Aim of the exercise
Every line below should be copied exactly; drop the pictures.
─── Dataset extract
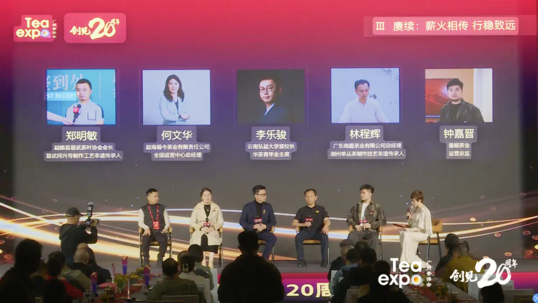 云南弘益大学堂校长、华茶青年会主席李乐骏,勐海福今茶业有限责任公司、全国运营中心总经理何文华,广东南馥茶业有限公司总经理、潮州单丛茶制作技艺非遗传承人林程辉,勐腊县易武茶叶协会会长、易武同兴号制作工艺非遗传承人郑明敏,番顺茶业运营总监钟嘉晋接受访谈。
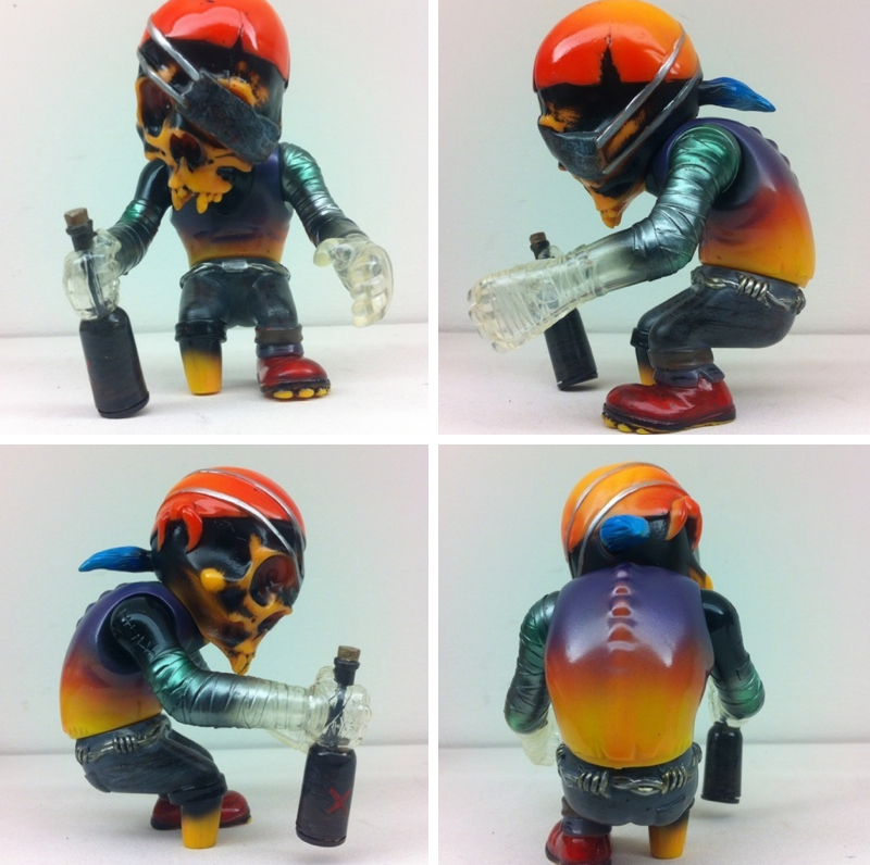 Fresh from a huge custom sale last week, Hellopike introduces yet another masterpiece into the Lunatic Fringe store… a Pushead x Secret Base Skull Pirate! Cast in a beautiful clear marbled soft vinyl, the artist has adorned the piece with eye catching sunset fades, metallic accents and meticulous hand painted detailing. Available alongside a number of Hellopike’s custom mini figure sets right here (at reduced prices, may we add!), the Skull Pirate can be yours for just $125 plus shipping…
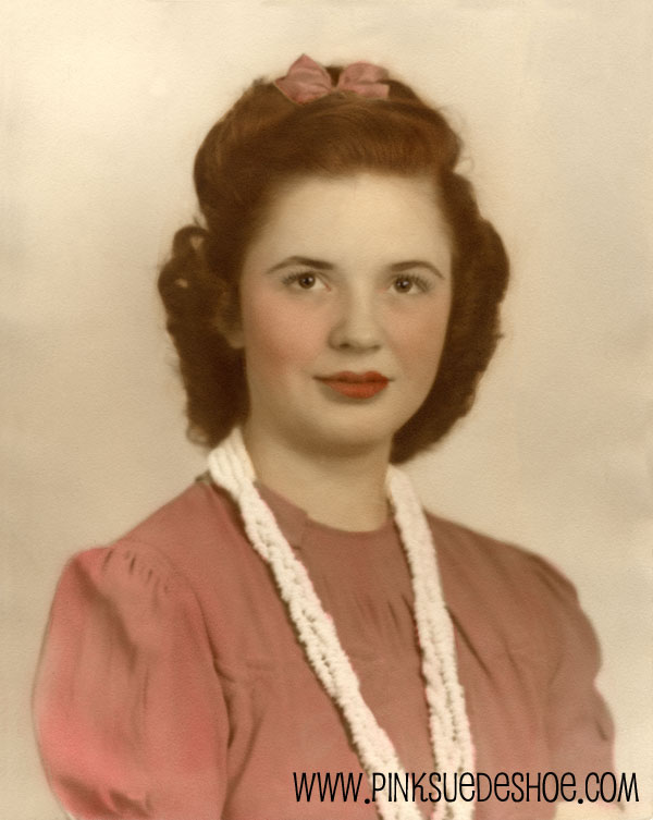 Today is my grandma’s birthday. She passed away five years ago and after she died I found this photo of her in a box in my mom’s garage. She was only 16 or so when this was taken. I love pretty much everything about this picture. I love her hair, the little bow, her pretty necklace, and of course her pink dress.
──────
Result of the task
 云南弘益大学堂校长、华茶青年会主席李乐骏,勐海福今茶业有限责任公司、全国运营中心总经理何文华,广东南馥茶业有限公司总经理、潮州单丛茶制作技艺非遗传承人林程辉,勐腊县易武茶叶协会会长、易武同兴号制作工艺非遗传承人郑明敏,番顺茶业运营总监钟嘉晋接受访谈。
 Fresh from a huge custom sale last week, Hellopike introduces yet another masterpiece into the Lunatic Fringe store… a Pushead x Secret Base Skull Pirate! Cast in a beautiful clear marbled soft vinyl, the artist has adorned the piece with eye catching sunset fades, metallic accents and meticulous hand painted detailing. Available alongside a number of Hellopike’s custom mini figure sets right here (at reduced prices, may we add!), the Skull Pirate can be yours for just $125 plus shipping…
 Today is my grandma’s birthday. She passed away five years ago and after she died I found this photo of her in a box in my mom’s garage. She was only 16 or so when this was taken. I love pretty much everything about this picture. I love her hair, the little bow, her pretty necklace, and of course her pink dress.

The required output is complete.